7 Keunggulan Blogger Perempuan

Terus terang saya tidak mengetahui berapa jumlah blogger yang ada di seluruh wilayah Indonesia. Demikian pula perbandingan jumlah blogger laki-laki dan perempuannya tak ada angka yang pasti. Namun demikian saya merasa bahwa blogger perempuan seolah mendominasi dunia maya. Setidaknya blogger perempuan yang lalu-lalang di media sosial lebih sering saya lihat. Ibarat kata, jika saya melempar buah apel ke udara maka jatuhnya akan mengenai blogger perempuan.

Walaupun dalam lagu Sabda Alam terdapat kalimat berbunyi ‘Wanita dijajah pria sejak dulu’ namun di dunia maya tidaklah demikian. Harus diakui bahwa pada awal ngeblog tak sedikit blogger perempuan yang berkonsultasi dengan blogger laki-laki.

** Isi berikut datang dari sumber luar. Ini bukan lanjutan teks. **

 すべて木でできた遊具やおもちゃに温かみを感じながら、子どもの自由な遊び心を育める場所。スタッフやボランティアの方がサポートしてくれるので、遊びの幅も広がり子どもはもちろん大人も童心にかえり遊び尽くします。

Utamanya pada awal membangunan dan mengoperasikan blognya. Tetapi setelah jam terbang mereka sudah banyak ketergantungan itu menjadi semakin berkurang.

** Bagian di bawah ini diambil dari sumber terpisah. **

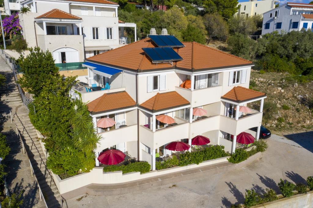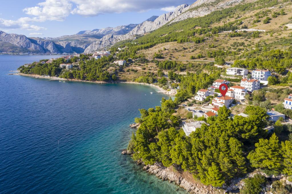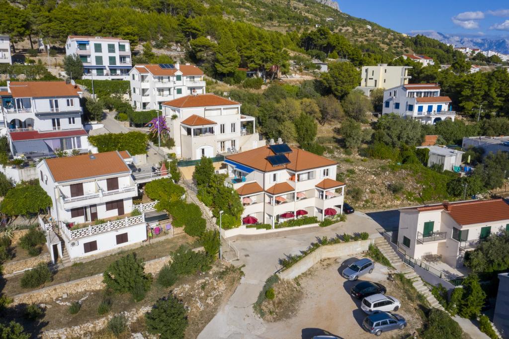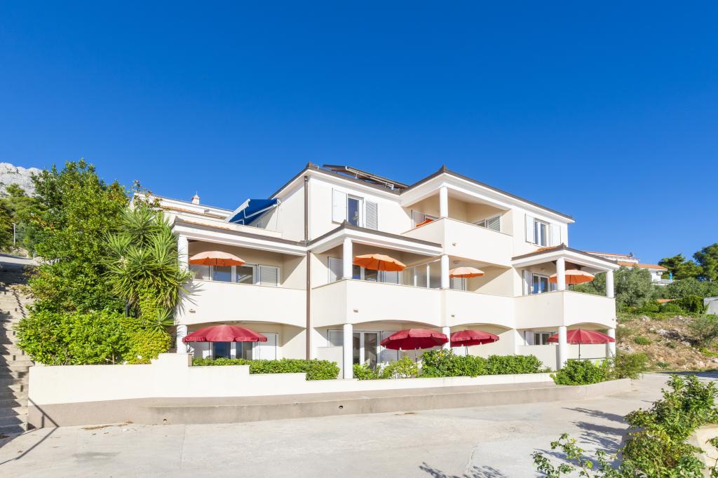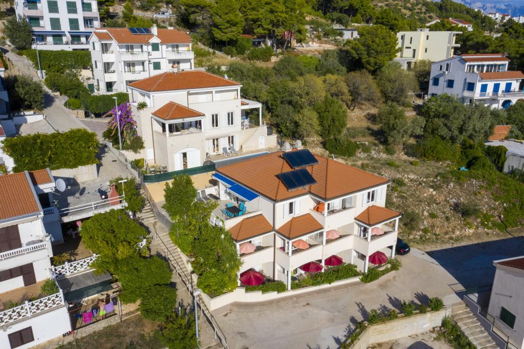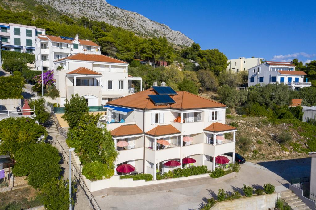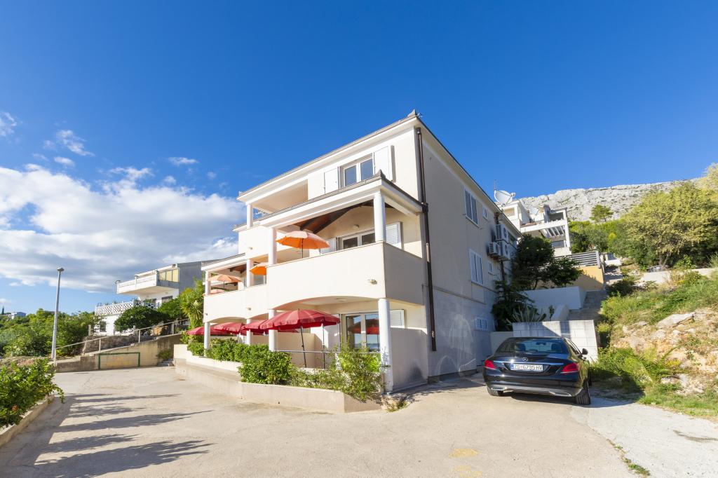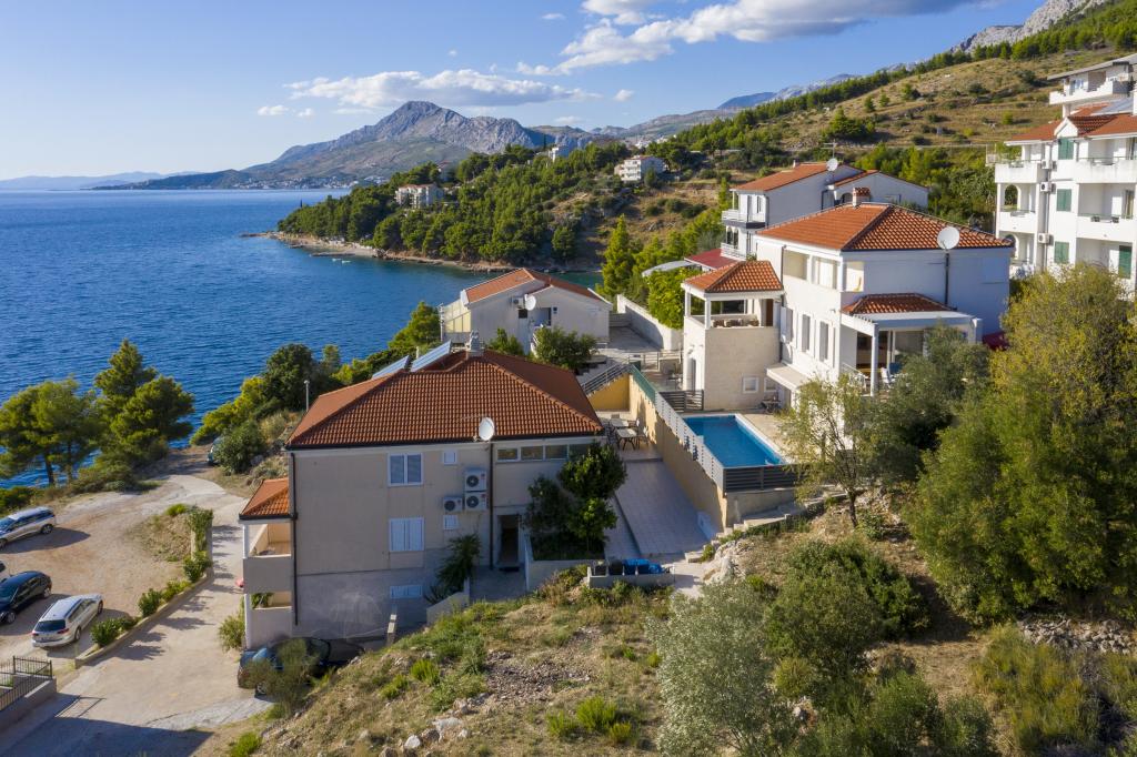Cazare în apartamente nou construite, extrem de confortabile și superb echipate. Facilitatea este situată la 3 km de centrul orașului Omiš. Un total de opt apartamente, situate în primul rând la mare. Toate apartamentele au terase mari cu vedere la mare și la insula Brač. Locuri de parcare chiar lângă vilă. Apartamentele sunt situate sub drumul principal (300 de metri), chiar lângă mare și o plajă mare cu pietriș. Există patru tipuri de apartamente: -- tip 2+2 cu un dormitor dublu separat și un living cu două paturi, -- apartamente tip 2+2 studio mare, -- apartamente luxoase mari, tip 4+2, cu două dormitoare duble și un living mare cu două paturi extensibile și -- apartament de lux mare, tip 14+2, în realitate o vilă pe trei etaje, cu o suprafață de 300 m2, cu o piscină de 9x4 metri cu apă încălzită, cu șapte dormitoare duble, două livinguri mari cu balcoane și terase, patru băi, toaletă separată, grătar în aer liber, saună și sală de sport etc. Piscina este utilizată exclusiv de apartamentul A 14+2. Celelalte apartamente nu.

Di bawah ini saya sampaikan 7 Keunggulan Blogger Perempuan. Saya tidak berbicara angka-angka apalagi berpretensi mengadakann survei secara njlimet. Apa yang saya utarakan sekedar gambaran umum dari hasil pengamatan yang juga tak terlalu mendalam.

.

.

1. Ide Tulisan

Dalam kehidupan sehari-hari perempuan lebih banyak bersentuhan dengan sumber tulisan dibandingkan dengan laki-laki. Perempuanlah yang menyiapkan makanan dan minuman bagi suami dan anak-anaknya. Setelah penghuni rumah berangkat ke kantor atau sekolah maka seorang perempuan akan melanjutkan tugas lainnya. Korah-korah (mencuci piring, gelas, sendok, peralatan dapur), membereskan kamar tidur, berbelanja bahan makanan, mencuci, menyeterika, dan membersihkan rumah adalah kegiatan berikutnya. Dari kegiatan ini saja blogger perempuan sudah kewalahan menangkap ide dan menempanya menjadi tulisan. Bentuknya bisa artikel curhatan maupun tulisan ‘How to.’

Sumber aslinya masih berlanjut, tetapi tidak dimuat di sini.